▶ [Problem details]
Of the entries below, return exactly those lines that fall between the one containing "For most applications" and the one containing "All Crew members", the two end lines included.

▶ [Supplied data]

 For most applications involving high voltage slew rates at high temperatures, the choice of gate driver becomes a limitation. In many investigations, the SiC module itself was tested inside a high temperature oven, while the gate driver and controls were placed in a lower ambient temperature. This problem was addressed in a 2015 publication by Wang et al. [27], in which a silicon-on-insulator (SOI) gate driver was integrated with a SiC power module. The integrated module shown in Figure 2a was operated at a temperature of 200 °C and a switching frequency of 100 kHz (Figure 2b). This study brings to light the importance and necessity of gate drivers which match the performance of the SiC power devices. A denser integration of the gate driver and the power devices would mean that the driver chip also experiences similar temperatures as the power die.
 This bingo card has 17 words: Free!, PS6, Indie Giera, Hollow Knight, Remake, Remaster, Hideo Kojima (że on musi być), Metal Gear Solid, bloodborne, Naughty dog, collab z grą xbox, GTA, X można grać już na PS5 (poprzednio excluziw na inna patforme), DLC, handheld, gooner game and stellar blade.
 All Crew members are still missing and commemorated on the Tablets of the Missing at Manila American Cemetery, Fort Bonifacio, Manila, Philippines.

...

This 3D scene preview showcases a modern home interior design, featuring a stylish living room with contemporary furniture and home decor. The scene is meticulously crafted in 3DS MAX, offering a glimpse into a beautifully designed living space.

* * *

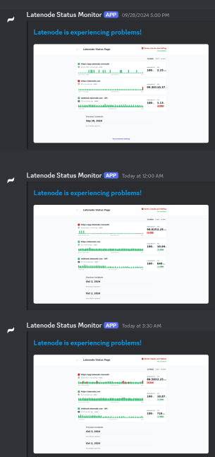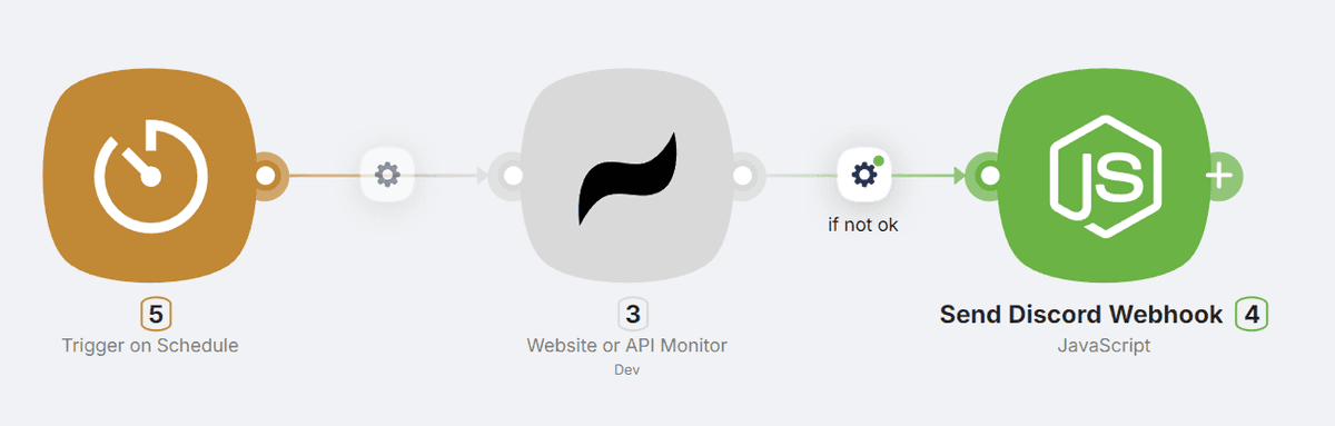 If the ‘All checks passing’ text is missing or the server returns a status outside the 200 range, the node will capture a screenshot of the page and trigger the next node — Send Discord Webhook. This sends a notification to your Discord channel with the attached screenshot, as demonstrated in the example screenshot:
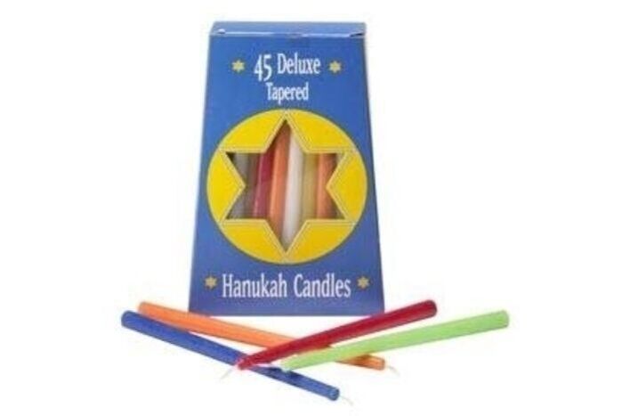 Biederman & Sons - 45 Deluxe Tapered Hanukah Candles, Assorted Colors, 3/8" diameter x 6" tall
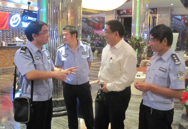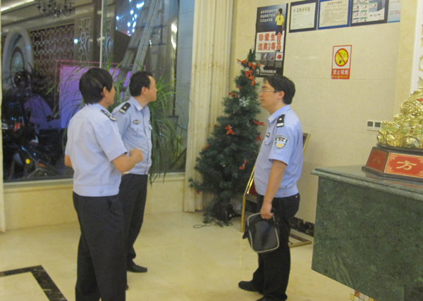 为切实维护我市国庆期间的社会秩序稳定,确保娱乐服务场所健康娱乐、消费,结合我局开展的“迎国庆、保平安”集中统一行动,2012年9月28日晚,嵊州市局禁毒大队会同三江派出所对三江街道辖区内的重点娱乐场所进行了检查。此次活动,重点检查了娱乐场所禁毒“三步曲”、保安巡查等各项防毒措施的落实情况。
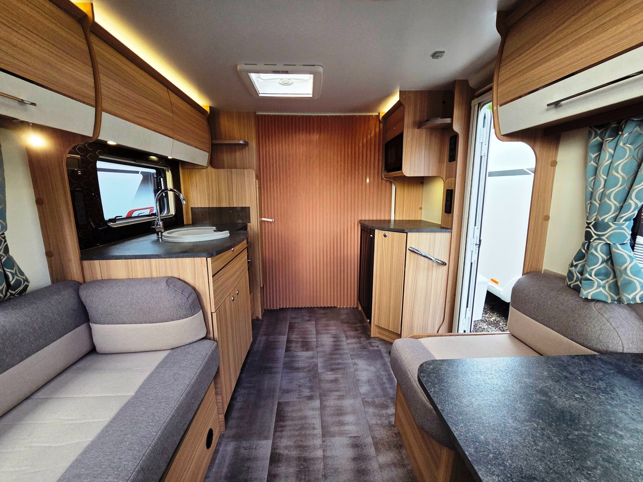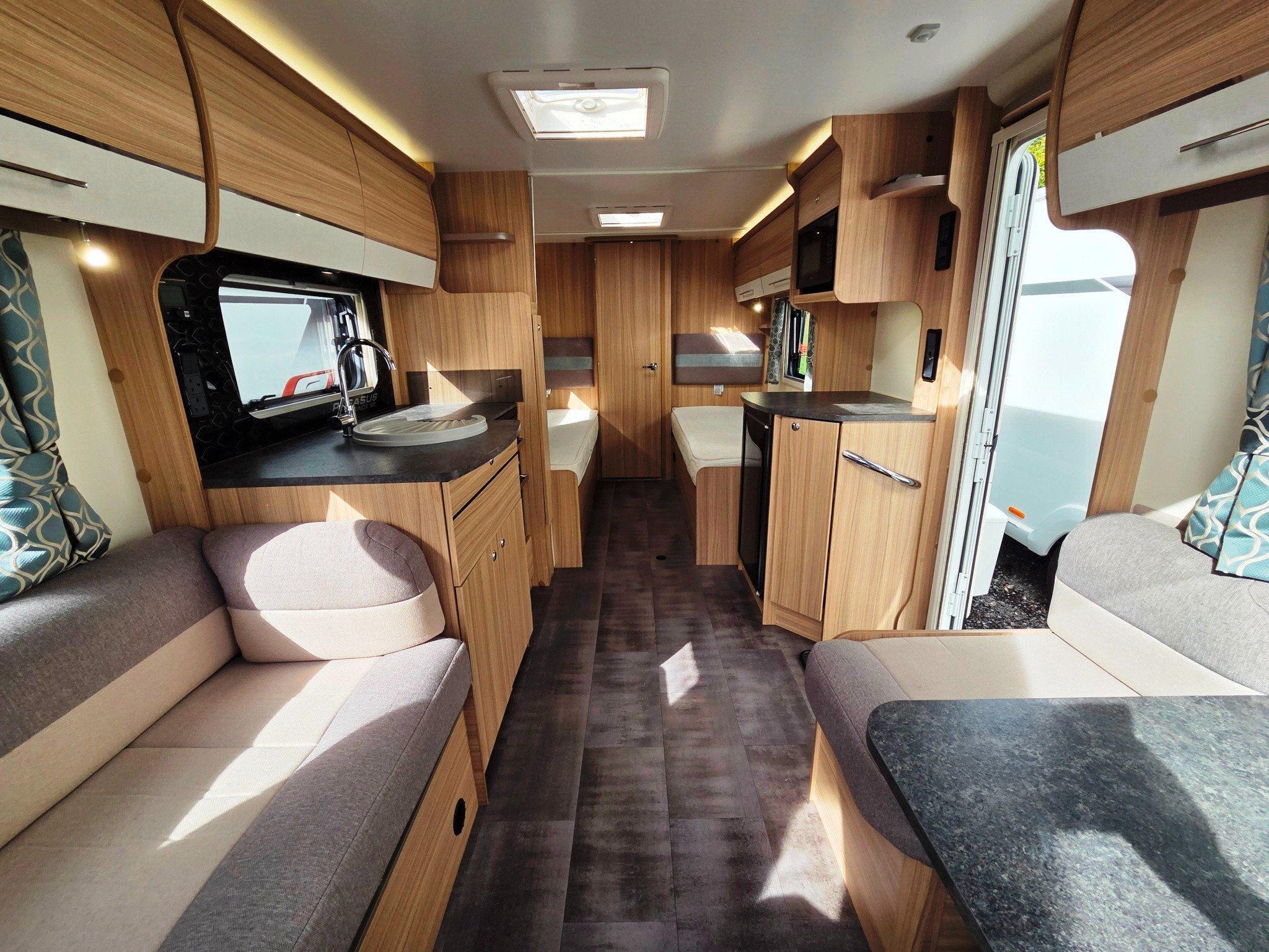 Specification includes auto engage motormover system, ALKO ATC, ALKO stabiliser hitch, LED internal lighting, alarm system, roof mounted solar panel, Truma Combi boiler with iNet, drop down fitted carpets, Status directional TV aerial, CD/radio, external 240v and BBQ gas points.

▶ [Expected answer]
 For most applications involving high voltage slew rates at high temperatures, the choice of gate driver becomes a limitation. In many investigations, the SiC module itself was tested inside a high temperature oven, while the gate driver and controls were placed in a lower ambient temperature. This problem was addressed in a 2015 publication by Wang et al. [27], in which a silicon-on-insulator (SOI) gate driver was integrated with a SiC power module. The integrated module shown in Figure 2a was operated at a temperature of 200 °C and a switching frequency of 100 kHz (Figure 2b). This study brings to light the importance and necessity of gate drivers which match the performance of the SiC power devices. A denser integration of the gate driver and the power devices would mean that the driver chip also experiences similar temperatures as the power die.
 This bingo card has 17 words: Free!, PS6, Indie Giera, Hollow Knight, Remake, Remaster, Hideo Kojima (że on musi być), Metal Gear Solid, bloodborne, Naughty dog, collab z grą xbox, GTA, X można grać już na PS5 (poprzednio excluziw na inna patforme), DLC, handheld, gooner game and stellar blade.
 All Crew members are still missing and commemorated on the Tablets of the Missing at Manila American Cemetery, Fort Bonifacio, Manila, Philippines.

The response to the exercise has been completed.